§ Assignment
In the records below, find the line that contains "MeetingMeeting documentC 2017/Statement" and the line that contains "Day 1: Outfitted"; write out exactly those two lines and everything between them, without the pictures.
Extracted records below:
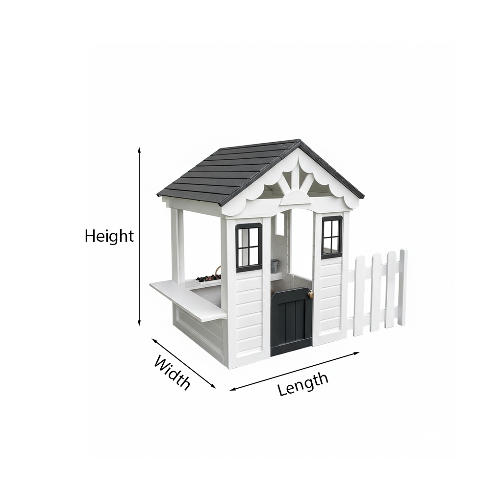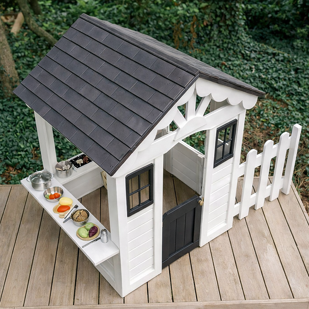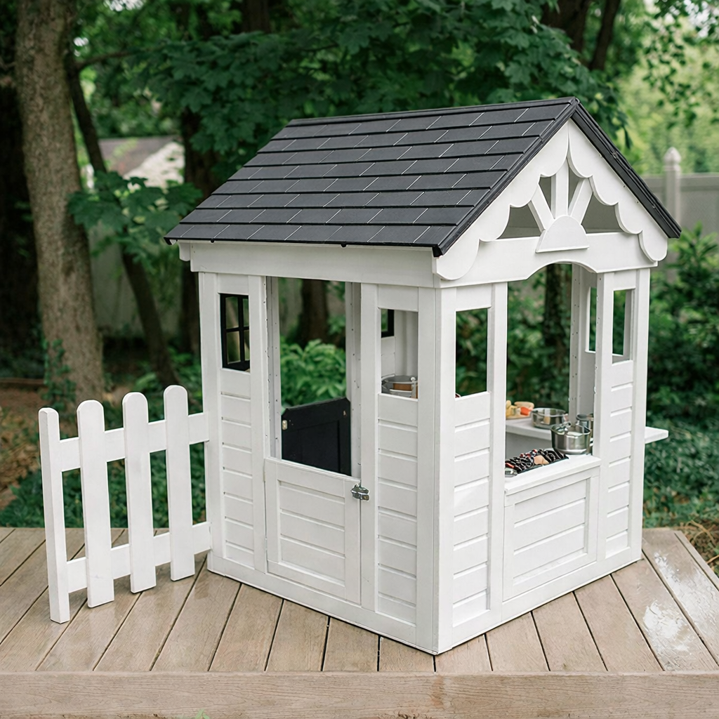 This playhouse features a sturdy natural wood structure with a sloped roof, crafted windows, and a white fence detail that enhances the look of a mini house. The black roof adds a sleek contrast while the white exterior panels create a fresh, inviting appearance suited for backyard settings.
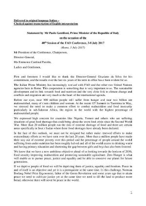 MeetingMeeting documentC 2017/Statement - Statement by the Independent Chairperson of the Council to the 40th Session of the FAO Conference 2017
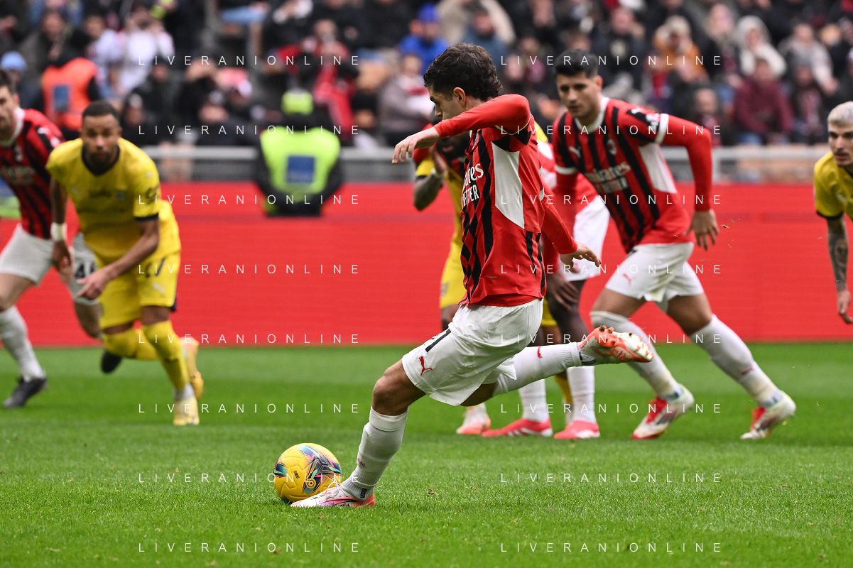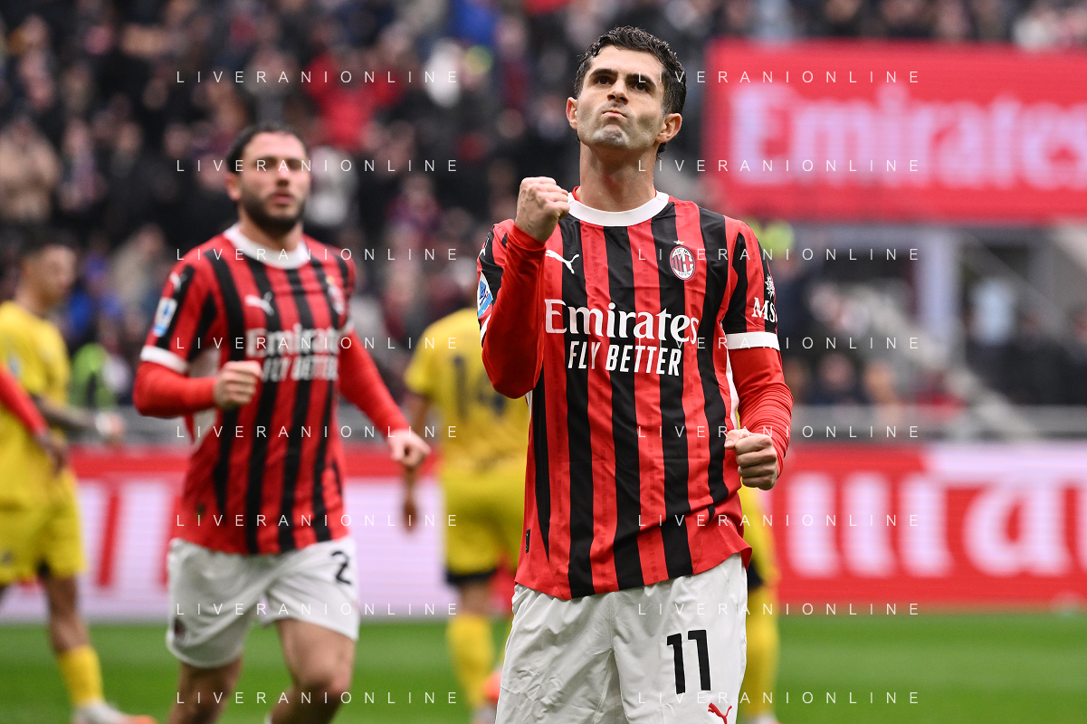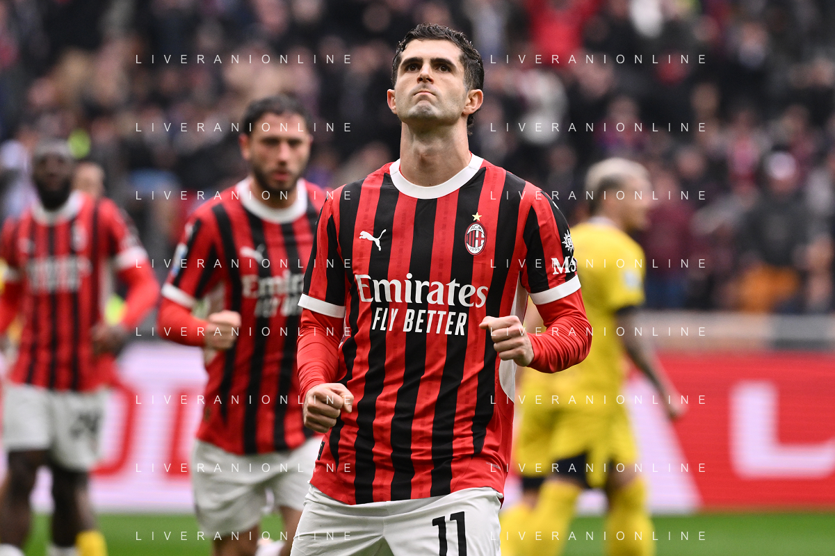 Milan vs Parma nella foto Christian Mate Pulisic (Milan) segna il gol dell'1 a 1 Milano 26-01-2025 Stadio Giuseppe Meazza - San Siro Campionato Serie A Enilive - 22a giornata foto Roberto Garavaglia/Agenzia Aldo Liverani sas- AGENZIA ALDO LIVERANI SAS
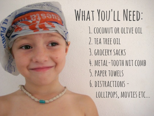 Day 1: Outfitted in old clothes and preferably outside, work olive or coconut oil through brushed hair, making sure to rub oil into the scalp. Sprinkle heads with tea tree oil, braid long hair, then cover with a plastic bag and secure with a rubber band for the day or overnight. This process suffocates the mature lice.
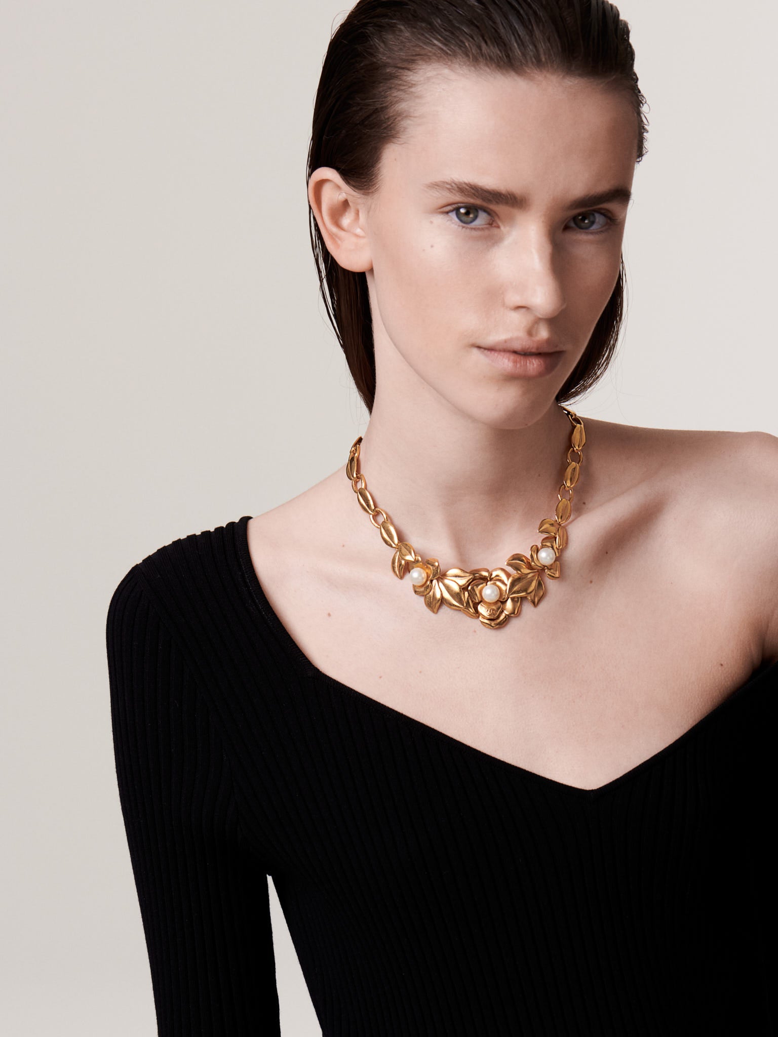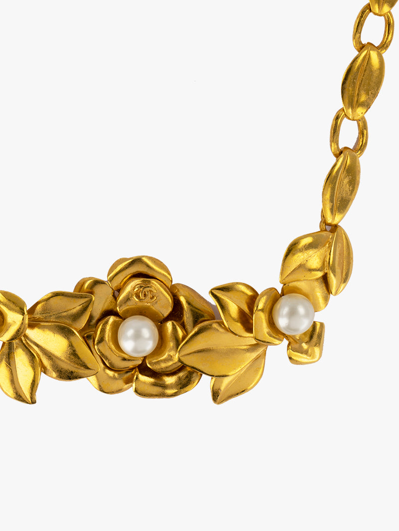 A rare and utterley captivating Chanel necklace from 1999 most likely created by Maison Goossens for Chanel. The design incorporates freeform style Camelia flowers; Coco's favourite flower, set with her trademark faux pearls. The attention to detail in the craftmanship of this piece is second to none. Perfect heritage style from the House of Chanel. 44-48cm adjustable length, 3.3cm depth at front.
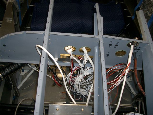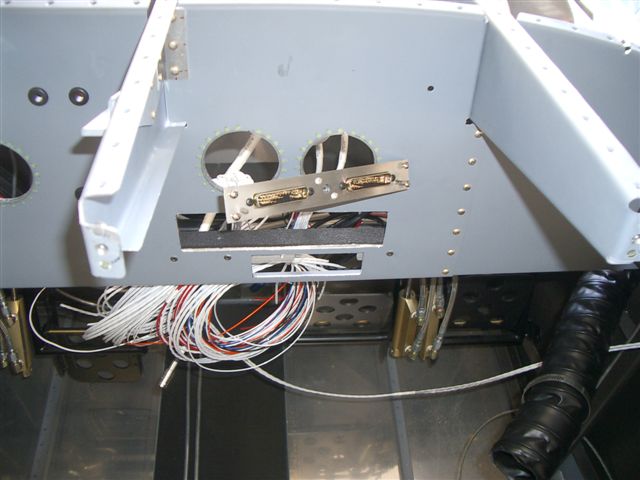 I removed the panel frame and started installing the harness connections on the back of the radio stack. Its going to be a bit tricky sliding this into place with all of these wire bundles but no other way to do it. I riveted in the stiffener I made to support the Comm Radio in the subpanel.
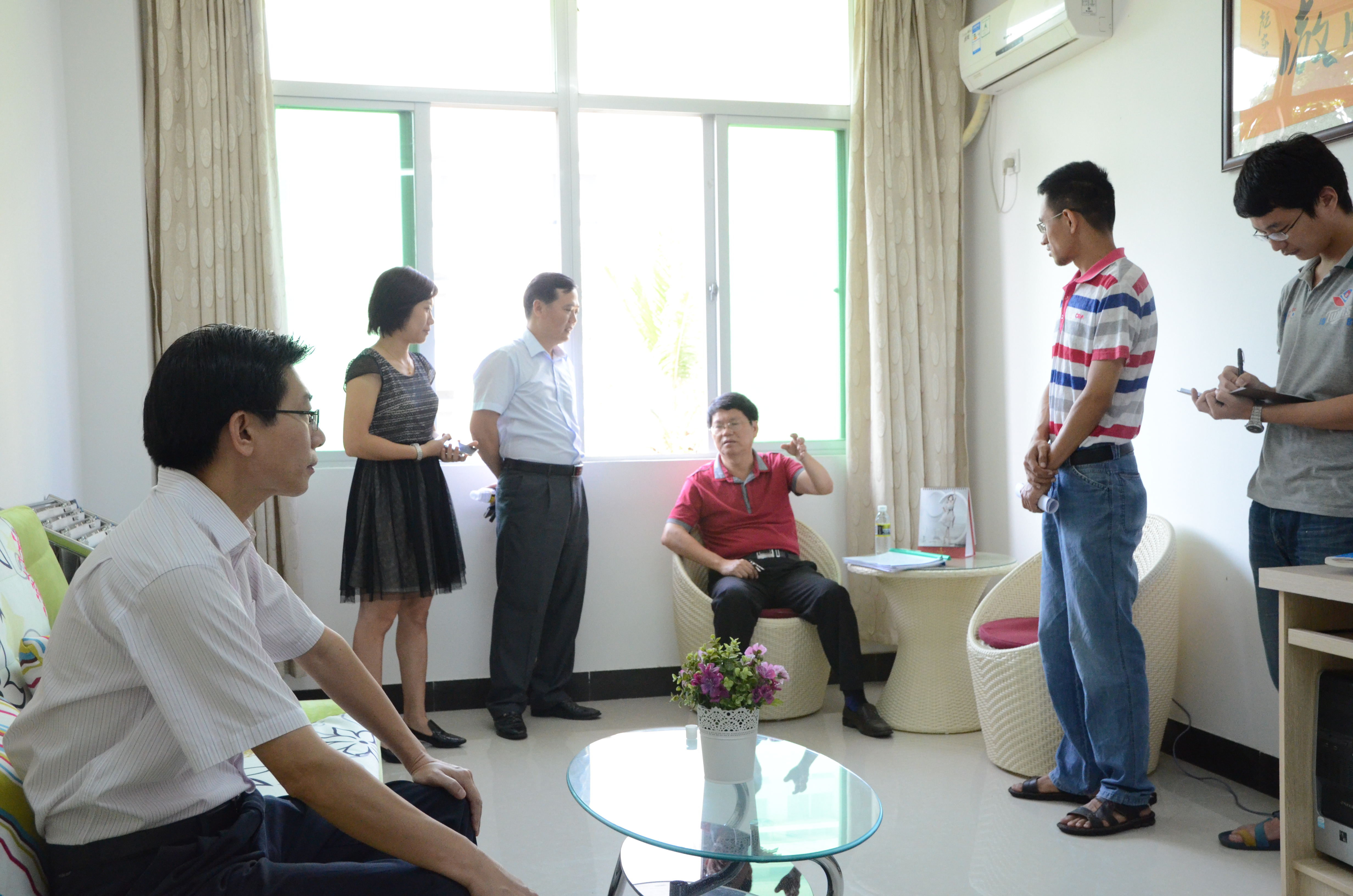 在装修布置一新的心理工作室里,陈封椿副书记查看和体验了各项办公设施、听取学院负责人汇报、了解建设情况。他为学生工作部投入经费、指导学院并与学院共建心理工作室,为学院拥有一个符合开展大学生心理健康教育工作需要的场地而感到满意。
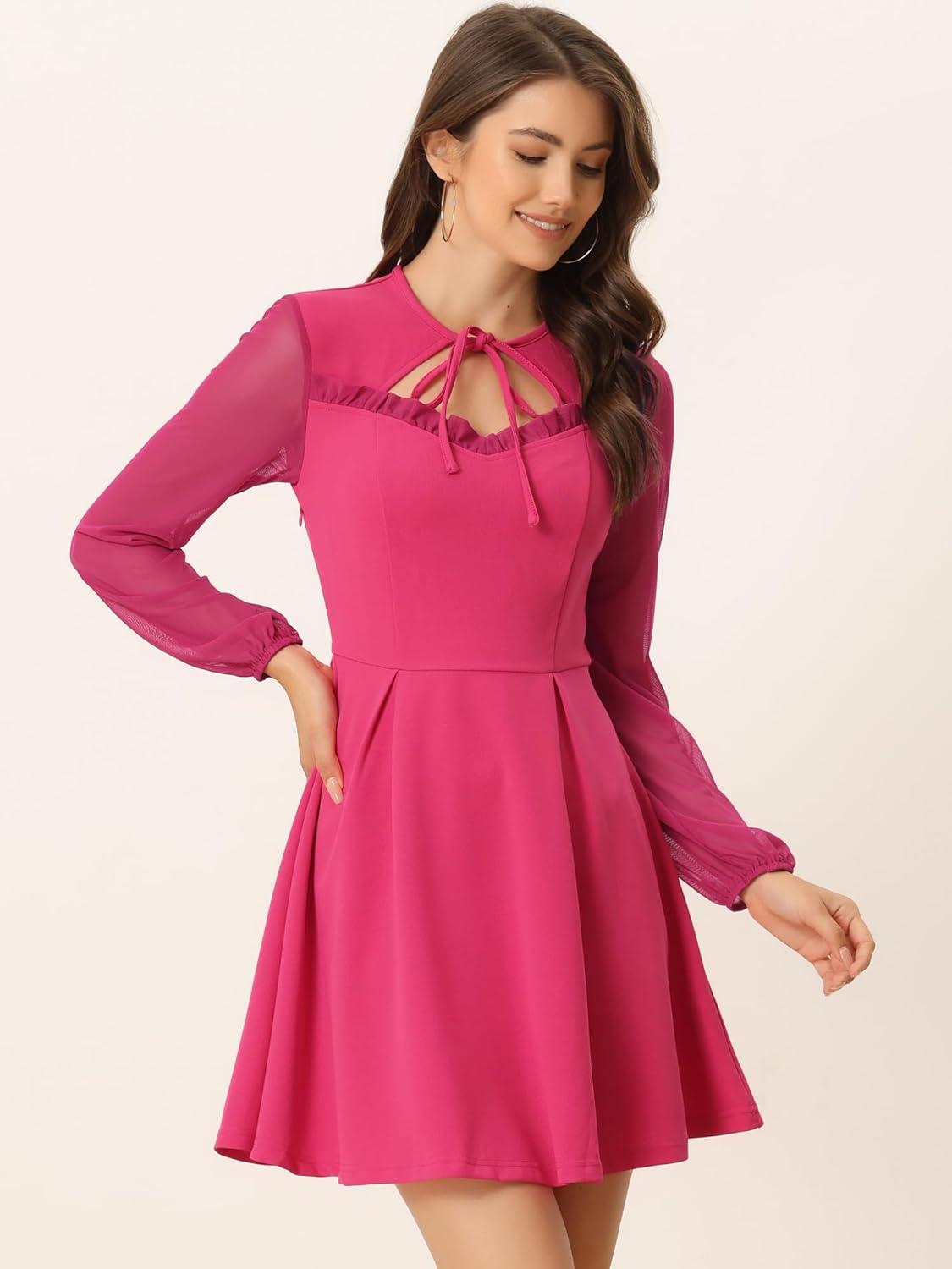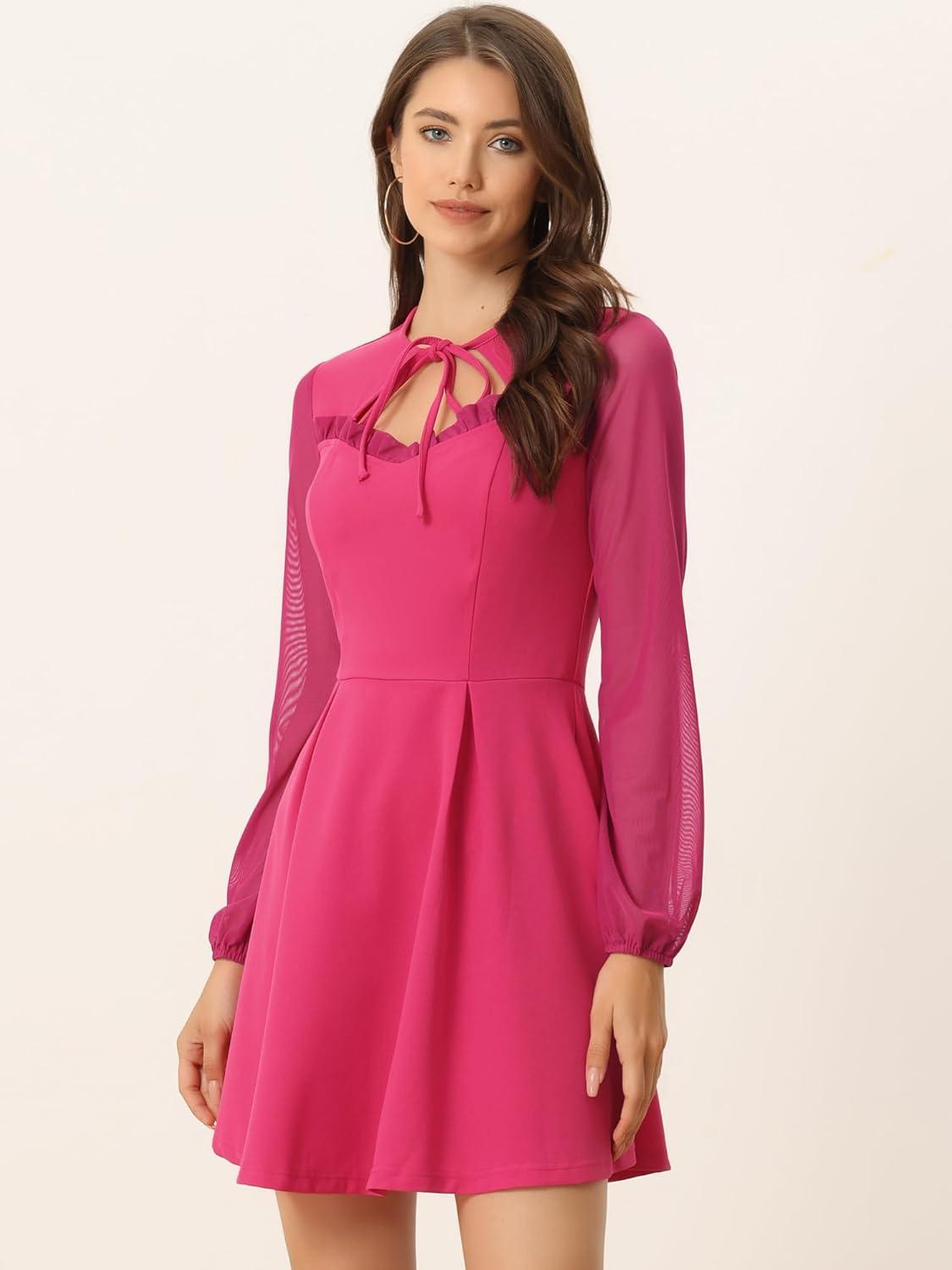 Allegra K Women’s Halloween Sweetheart Neckine Cutout A-Line Mesh Sleeve Gothic Mini Dress(Hot Pink)
End of Extracted records.
§ Task output
 MeetingMeeting documentC 2017/Statement - Statement by the Independent Chairperson of the Council to the 40th Session of the FAO Conference 2017
 Milan vs Parma nella foto Christian Mate Pulisic (Milan) segna il gol dell'1 a 1 Milano 26-01-2025 Stadio Giuseppe Meazza - San Siro Campionato Serie A Enilive - 22a giornata foto Roberto Garavaglia/Agenzia Aldo Liverani sas- AGENZIA ALDO LIVERANI SAS
 Day 1: Outfitted in old clothes and preferably outside, work olive or coconut oil through brushed hair, making sure to rub oil into the scalp. Sprinkle heads with tea tree oil, braid long hair, then cover with a plastic bag and secure with a rubber band for the day or overnight. This process suffocates the mature lice.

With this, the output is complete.